--- Listed entries Enclosed Below ---

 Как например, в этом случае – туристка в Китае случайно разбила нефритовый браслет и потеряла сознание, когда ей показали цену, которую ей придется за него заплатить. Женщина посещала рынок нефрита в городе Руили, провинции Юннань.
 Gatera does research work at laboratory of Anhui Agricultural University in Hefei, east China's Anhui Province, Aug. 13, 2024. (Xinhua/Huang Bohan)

--- End of Enclosed Listed entries ---
--- Listed entries Enclosed Below ---

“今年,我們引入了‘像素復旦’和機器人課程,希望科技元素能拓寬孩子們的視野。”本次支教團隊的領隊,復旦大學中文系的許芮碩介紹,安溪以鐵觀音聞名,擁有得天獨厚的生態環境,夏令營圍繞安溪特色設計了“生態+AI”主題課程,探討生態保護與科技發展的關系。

--- End of Enclosed Listed entries ---
--- Listed entries Enclosed Below ---

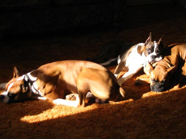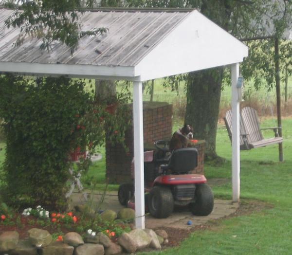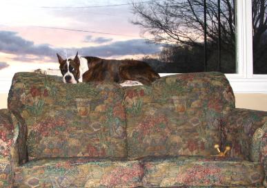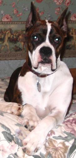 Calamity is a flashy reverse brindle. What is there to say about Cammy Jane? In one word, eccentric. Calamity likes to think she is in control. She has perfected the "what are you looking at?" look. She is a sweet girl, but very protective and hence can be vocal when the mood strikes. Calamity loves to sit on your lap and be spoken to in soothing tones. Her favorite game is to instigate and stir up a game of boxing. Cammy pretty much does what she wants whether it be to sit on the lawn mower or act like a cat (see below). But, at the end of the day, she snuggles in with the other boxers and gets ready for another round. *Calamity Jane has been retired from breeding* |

--- End of Enclosed Listed entries ---

• Task details: Of all the entries above, repeat only the lines from the line that has "Как например, в" to the line that has "Gatera does research", both lines included, exactly.

• Response for this exercise:
 Как например, в этом случае – туристка в Китае случайно разбила нефритовый браслет и потеряла сознание, когда ей показали цену, которую ей придется за него заплатить. Женщина посещала рынок нефрита в городе Руили, провинции Юннань.
 Gatera does research work at laboratory of Anhui Agricultural University in Hefei, east China's Anhui Province, Aug. 13, 2024. (Xinhua/Huang Bohan)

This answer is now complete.